[WHAT YOU NEED TO DO] Output nothing but the lines from the first line of the entries to the line with "La muestra incluyó", inclusive, exactly as they read.

[Entries taken from a collection]
Segment Open

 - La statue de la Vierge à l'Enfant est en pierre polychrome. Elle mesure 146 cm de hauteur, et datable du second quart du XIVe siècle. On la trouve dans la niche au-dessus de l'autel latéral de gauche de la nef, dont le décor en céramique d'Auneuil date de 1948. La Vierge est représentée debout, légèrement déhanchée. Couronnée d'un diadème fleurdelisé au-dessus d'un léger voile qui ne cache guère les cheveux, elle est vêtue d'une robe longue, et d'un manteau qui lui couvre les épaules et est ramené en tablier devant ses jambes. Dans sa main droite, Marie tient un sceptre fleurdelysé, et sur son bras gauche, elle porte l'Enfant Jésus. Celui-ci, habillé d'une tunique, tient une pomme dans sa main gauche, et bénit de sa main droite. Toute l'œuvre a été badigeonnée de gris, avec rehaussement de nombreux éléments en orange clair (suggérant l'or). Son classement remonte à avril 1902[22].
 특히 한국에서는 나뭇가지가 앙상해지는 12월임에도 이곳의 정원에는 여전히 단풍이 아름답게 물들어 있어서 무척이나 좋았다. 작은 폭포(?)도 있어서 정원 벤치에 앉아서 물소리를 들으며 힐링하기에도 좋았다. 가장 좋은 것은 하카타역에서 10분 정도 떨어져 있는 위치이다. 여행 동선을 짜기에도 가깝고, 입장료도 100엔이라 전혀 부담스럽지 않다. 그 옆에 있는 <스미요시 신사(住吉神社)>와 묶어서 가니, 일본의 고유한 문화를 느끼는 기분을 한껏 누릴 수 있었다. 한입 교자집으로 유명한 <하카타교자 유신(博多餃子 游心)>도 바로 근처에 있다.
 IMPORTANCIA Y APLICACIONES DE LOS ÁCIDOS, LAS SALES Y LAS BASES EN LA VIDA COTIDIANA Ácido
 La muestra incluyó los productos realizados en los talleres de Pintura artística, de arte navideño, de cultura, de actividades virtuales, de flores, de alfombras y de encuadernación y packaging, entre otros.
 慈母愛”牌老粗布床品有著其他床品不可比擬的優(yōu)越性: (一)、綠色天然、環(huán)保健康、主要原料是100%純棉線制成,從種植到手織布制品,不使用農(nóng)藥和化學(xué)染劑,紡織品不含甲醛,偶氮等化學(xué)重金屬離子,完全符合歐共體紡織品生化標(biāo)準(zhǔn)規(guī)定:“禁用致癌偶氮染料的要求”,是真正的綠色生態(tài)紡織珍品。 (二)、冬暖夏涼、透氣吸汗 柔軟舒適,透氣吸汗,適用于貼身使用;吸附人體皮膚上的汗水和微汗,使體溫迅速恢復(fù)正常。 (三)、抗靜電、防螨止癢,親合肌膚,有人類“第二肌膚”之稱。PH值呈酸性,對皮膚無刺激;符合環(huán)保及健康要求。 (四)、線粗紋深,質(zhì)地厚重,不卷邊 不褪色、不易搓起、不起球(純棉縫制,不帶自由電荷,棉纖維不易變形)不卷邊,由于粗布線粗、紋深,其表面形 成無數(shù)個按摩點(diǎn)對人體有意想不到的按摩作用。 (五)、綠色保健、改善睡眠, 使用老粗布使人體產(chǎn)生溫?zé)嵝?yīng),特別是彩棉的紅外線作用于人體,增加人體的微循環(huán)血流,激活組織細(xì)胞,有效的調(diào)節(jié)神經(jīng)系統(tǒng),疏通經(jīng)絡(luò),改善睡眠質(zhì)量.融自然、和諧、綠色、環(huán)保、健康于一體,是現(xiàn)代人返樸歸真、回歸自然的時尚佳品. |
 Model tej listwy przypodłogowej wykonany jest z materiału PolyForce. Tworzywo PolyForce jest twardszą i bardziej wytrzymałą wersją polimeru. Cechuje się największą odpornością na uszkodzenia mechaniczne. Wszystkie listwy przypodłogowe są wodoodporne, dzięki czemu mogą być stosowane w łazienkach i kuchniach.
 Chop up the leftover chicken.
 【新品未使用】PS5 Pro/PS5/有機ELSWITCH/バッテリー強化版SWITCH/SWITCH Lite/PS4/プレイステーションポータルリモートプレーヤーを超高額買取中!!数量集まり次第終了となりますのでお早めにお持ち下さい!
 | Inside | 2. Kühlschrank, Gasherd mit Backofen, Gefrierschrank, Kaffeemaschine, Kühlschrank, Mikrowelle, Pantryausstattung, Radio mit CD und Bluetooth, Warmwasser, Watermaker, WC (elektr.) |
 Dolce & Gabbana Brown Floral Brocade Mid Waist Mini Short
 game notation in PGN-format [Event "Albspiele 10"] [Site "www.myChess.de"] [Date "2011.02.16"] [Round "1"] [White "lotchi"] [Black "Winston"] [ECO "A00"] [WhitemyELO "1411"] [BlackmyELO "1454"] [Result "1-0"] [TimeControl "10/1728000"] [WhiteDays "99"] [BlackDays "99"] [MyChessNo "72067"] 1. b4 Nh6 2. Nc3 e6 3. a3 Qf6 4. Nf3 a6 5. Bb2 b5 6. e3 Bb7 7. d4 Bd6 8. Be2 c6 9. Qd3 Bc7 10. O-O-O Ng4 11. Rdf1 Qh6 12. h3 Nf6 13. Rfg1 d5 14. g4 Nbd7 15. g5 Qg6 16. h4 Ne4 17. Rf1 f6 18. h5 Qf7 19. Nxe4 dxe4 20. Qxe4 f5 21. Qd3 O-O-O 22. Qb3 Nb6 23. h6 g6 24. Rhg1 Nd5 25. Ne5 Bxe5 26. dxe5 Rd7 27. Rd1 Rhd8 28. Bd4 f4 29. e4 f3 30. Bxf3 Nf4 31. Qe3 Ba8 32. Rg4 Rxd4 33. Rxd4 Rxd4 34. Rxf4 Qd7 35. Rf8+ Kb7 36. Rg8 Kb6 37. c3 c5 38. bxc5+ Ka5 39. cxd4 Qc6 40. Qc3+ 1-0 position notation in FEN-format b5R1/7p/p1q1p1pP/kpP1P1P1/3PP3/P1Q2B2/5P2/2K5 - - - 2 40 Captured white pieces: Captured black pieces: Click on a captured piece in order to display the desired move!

Segment Closed

[TASK RESPONSE]
 - La statue de la Vierge à l'Enfant est en pierre polychrome. Elle mesure 146 cm de hauteur, et datable du second quart du XIVe siècle. On la trouve dans la niche au-dessus de l'autel latéral de gauche de la nef, dont le décor en céramique d'Auneuil date de 1948. La Vierge est représentée debout, légèrement déhanchée. Couronnée d'un diadème fleurdelisé au-dessus d'un léger voile qui ne cache guère les cheveux, elle est vêtue d'une robe longue, et d'un manteau qui lui couvre les épaules et est ramené en tablier devant ses jambes. Dans sa main droite, Marie tient un sceptre fleurdelysé, et sur son bras gauche, elle porte l'Enfant Jésus. Celui-ci, habillé d'une tunique, tient une pomme dans sa main gauche, et bénit de sa main droite. Toute l'œuvre a été badigeonnée de gris, avec rehaussement de nombreux éléments en orange clair (suggérant l'or). Son classement remonte à avril 1902[22].
 특히 한국에서는 나뭇가지가 앙상해지는 12월임에도 이곳의 정원에는 여전히 단풍이 아름답게 물들어 있어서 무척이나 좋았다. 작은 폭포(?)도 있어서 정원 벤치에 앉아서 물소리를 들으며 힐링하기에도 좋았다. 가장 좋은 것은 하카타역에서 10분 정도 떨어져 있는 위치이다. 여행 동선을 짜기에도 가깝고, 입장료도 100엔이라 전혀 부담스럽지 않다. 그 옆에 있는 <스미요시 신사(住吉神社)>와 묶어서 가니, 일본의 고유한 문화를 느끼는 기분을 한껏 누릴 수 있었다. 한입 교자집으로 유명한 <하카타교자 유신(博多餃子 游心)>도 바로 근처에 있다.
 IMPORTANCIA Y APLICACIONES DE LOS ÁCIDOS, LAS SALES Y LAS BASES EN LA VIDA COTIDIANA Ácido
 La muestra incluyó los productos realizados en los talleres de Pintura artística, de arte navideño, de cultura, de actividades virtuales, de flores, de alfombras y de encuadernación y packaging, entre otros.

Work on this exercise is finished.